I have a script script.py
and multiple modules in a different directory that all depend on each other. For simplicity, we just look at two of them, module1.py
and module2.py
, where the first imports the latter. All these should be used by script.py
.
Now I added a symlink to module1.py
into the directory of script.py
, so my directory tree looks like this:
.
├── mymodules
│ ├── module1.py
│ └── module2.py
└── myscript
├── module1.py -> ../mymodules/module1.py
└── script.py
Just running script.py
now doesn't work, because PYTHONPATH
does not contain the mymodules
directory, and module1
is therefore unable to import module2
. Now, there is an easy workaround for this; Appending the path of module1.py
to PYTHONPATH
:
sys.path.append(os.path.abspath(os.path.join(os.path.realpath(__file__),os.path.pardir)))

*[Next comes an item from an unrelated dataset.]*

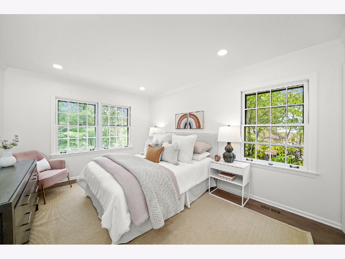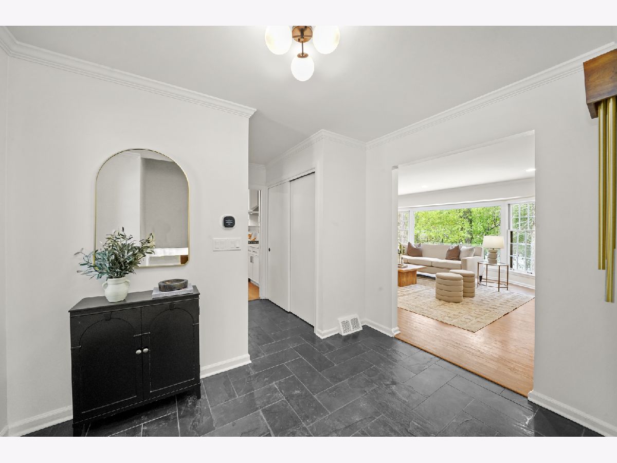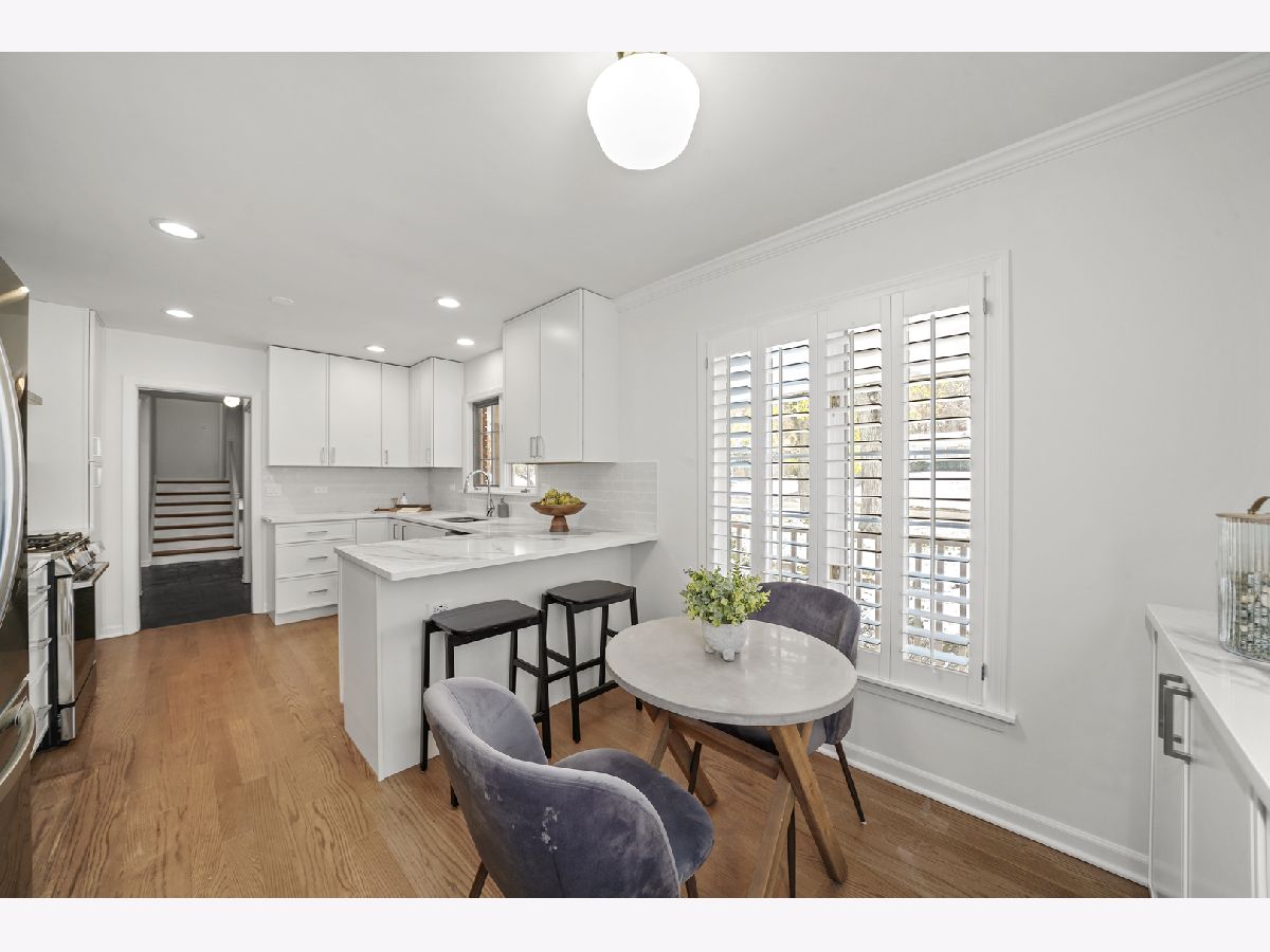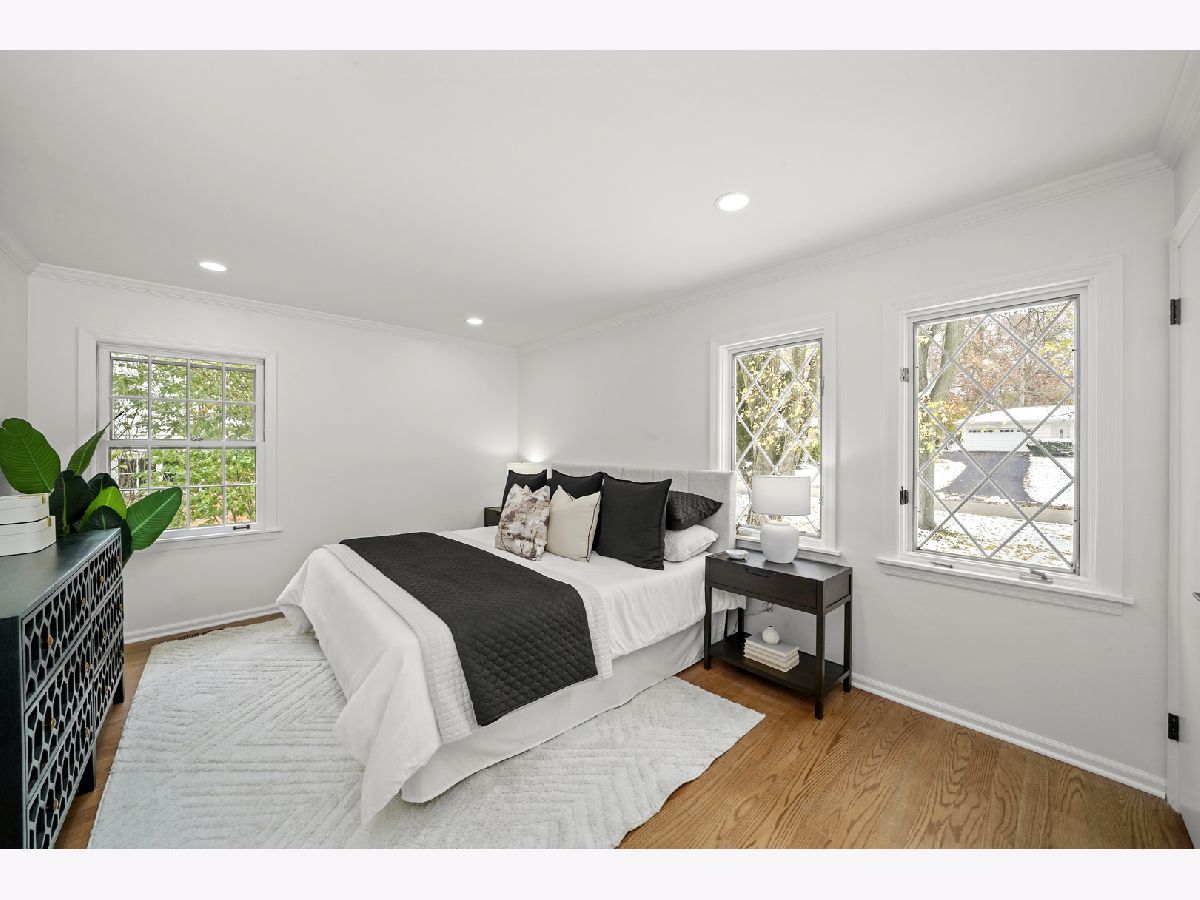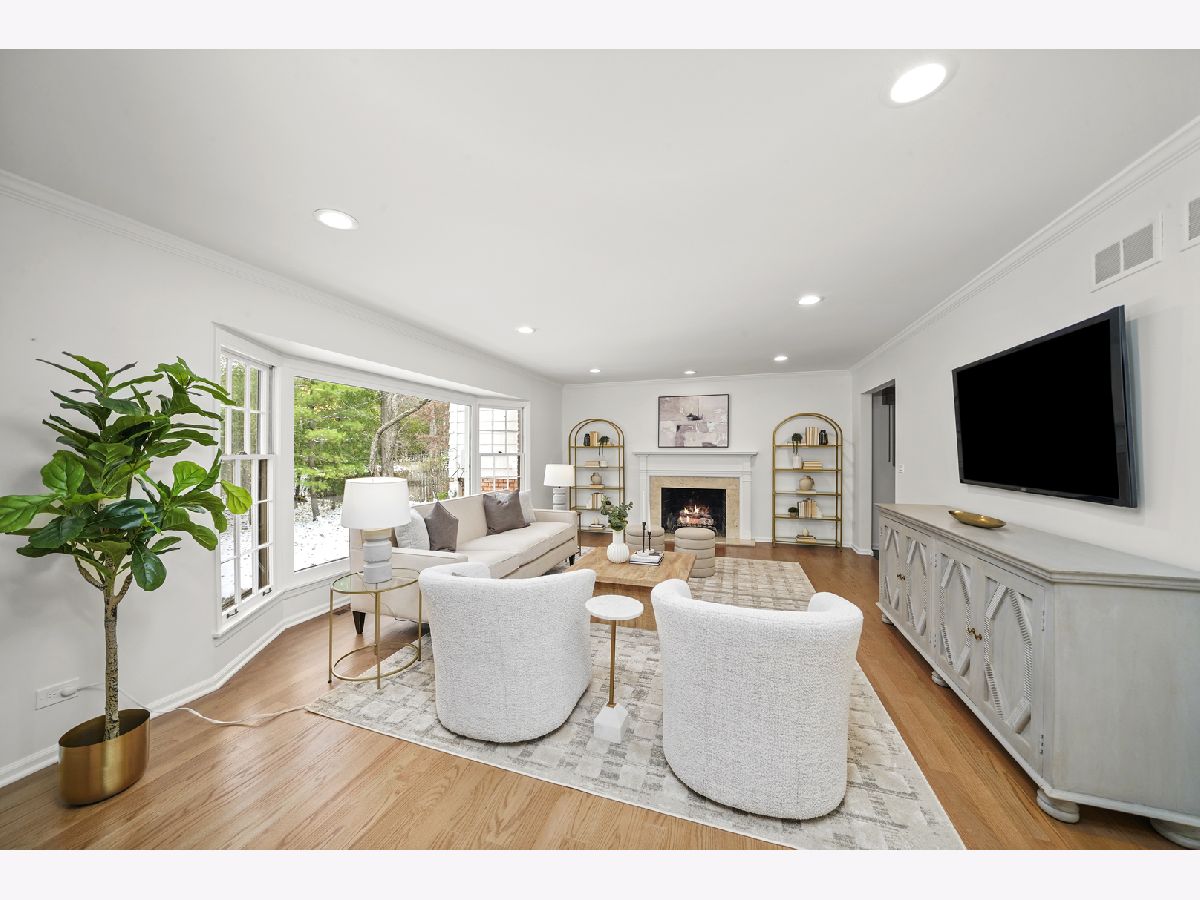Offering over 3000 sq ft of finished and remodeled home. Nestled in the sought-after Whispering Oaks neighborhood of East Lake Forest is this beautifully renovated 5 bedroom, 2.5 bath home. The main level features a seamless flow anchored by a brand new kitchen with quartz countertops, custom thin shaker cabinetry, a pull out pantry, and chef's hood, along with a cozy coffee nook for early mornings. The adjoining dining area opens to a raised patio, perfect for entertaining or quiet evenings surrounded by mature trees. A spacious living room with a wood burning fireplace, gas starter and an oversized picture window frames stunning views of the private, fenced in half acre yard. Upstairs, four generous bedrooms easily accommodate queen or king beds, including a serene primary suite with dual vanities and a beautifully updated bath and large, glass shower walk-in shower. An additional new full, hallway bath features a 72-inch, dual sink, white oak vanity with tons of storage and modern finishes. Lower level has a great walk-out to the outdoor space right off the family room with a second cozy, wood burning fireplace and a brand new custom dry bar built-in with quartzite slab countertop and vein matching backsplash and beverage center, great for entertaining guests on game days and holidays. The lower level has a additional room for a home-office or a guest suite. Also inclidues, large laundry area with extra storage. The finished basement below adds even more versatility with a playroom, craft area, and workshop space, perfect for hobbies or recreation. Additional highlights include a new furnace and air conditioning, ample storage throughout, and a cedar closet for seasonal items. Just steps from Cherokee Elementary and minutes to downtown Lake Forest, the Metra, and Lake Michigan beaches, this home blends suburban tranquility with everyday convenience you'll love to take advantage of for Summer beach days.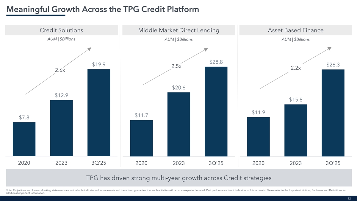 Significant Momentum in TPG Credit Capital Formation Since Closing of Angelo Gordon ▪ TPG Credit has reached a TPG Credit Capital Raised meaningful inflection point in $Billions capital formation – Expect to raise approximately $20 billion of credit capital in ~$20 2025, representing the largest credit fundraising year in TPG >6x history – Total TPG Credit AUM has grown $12 1 44% since end of 2023 – Added 140+ new credit clients and 85+ existing clients expanded commitments to additional credit strategies $3 – Launched new products including Hybrid Solutions and ABC Evergreen 2023 2024 2025E Note: Projections and forward-looking statements are not reliable indicators of future events and there is no guarantee that such activities will occur as expected or at all. Past performance is not indicative of future results. Please refer to the Important Notices, Endnotes and Definitions for additional important information. 11

And this is where problems emerge: This works, but only once!
The first run works fine, all modules are imported without any problems.
But every subsequent execution of $ ./script.py
fails with the exception ImportError: no module named module2
and sys.path
contains the directory of the symlink, not the file! Why? And how do I fix this?
All of the code:
I thought you could need this if you wanted to try this yourself.
myscript/script.py:
#!/usr/bin/env python
import module1
mymodules/module1.py
#!/usr/bin/env python
import sys, os
#append directory of this file to PYTHONPATH
sys.path.append(os.path.abspath(os.path.join(os.path.realpath(__file__),os.path.pardir)))
#print for control reasons
print sys.path
import module2
mymodules/module2.py
#!/usr/bin/env python
print "import successful!"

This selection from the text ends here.